В общем, описывать тут что-либо достаточно сложно. Скажу только, что всё и всегда было очень и очень реально, вплоть до каких-то реплик, прозвучавших вполголоса или даже полушёпотом, как на ушко. И ещё замечу, что были в тех снах фильмы-предупреждения, фильмы-предостережения для него самого с моралью примерно такого типа: что такое «хорошо» и что такое «плохо»; или «что нельзя, поскольку вполне может стать опасным». А также, что немаловажно, были и фильмы-искушения с весьма непривлекательными и сугубо греховными сюжетами. Ну, всё, как в реальной нынешней жизни…

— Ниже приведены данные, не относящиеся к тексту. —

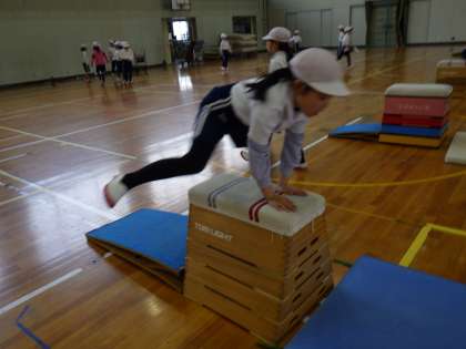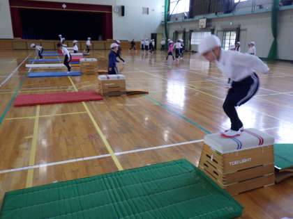 体育科「とびばこあそび」の学習で、跳び乗り・跳び下りや開脚跳びなどを練習しています。両足で踏み切ったり、両手で跳び箱を支持をしたりできるように頑張っています。ピタッと着地ができる人もいます。昨年度より上達できるように支援していきます。

Ещё одна разновидность снов – это какой-нибудь сюжет, протекающий в антураже каких-либо конкретных городов или посёлков, по которым Ванька регулярно путешествовал, как пешком, так и на транспорте различном. Причём, в некоторых таких, в которых Ванька и не бывал-то никогда. Ну, это самые то ли фантастические, то ли фантазийные (не знаю, как будет точнее) сны. Общим для всех городов свойством было то, что в городах и местностях, которые Ванька хорошо знал, в снах его всегда появлялись какие-то новые пространства, порой немалые, застроенные и незастроенные, которых не было в реальных городах, но которые в снах всегда были и твёрдо подразумевались принадлежностью этих городов. Странно, почему так было? но так было всегда.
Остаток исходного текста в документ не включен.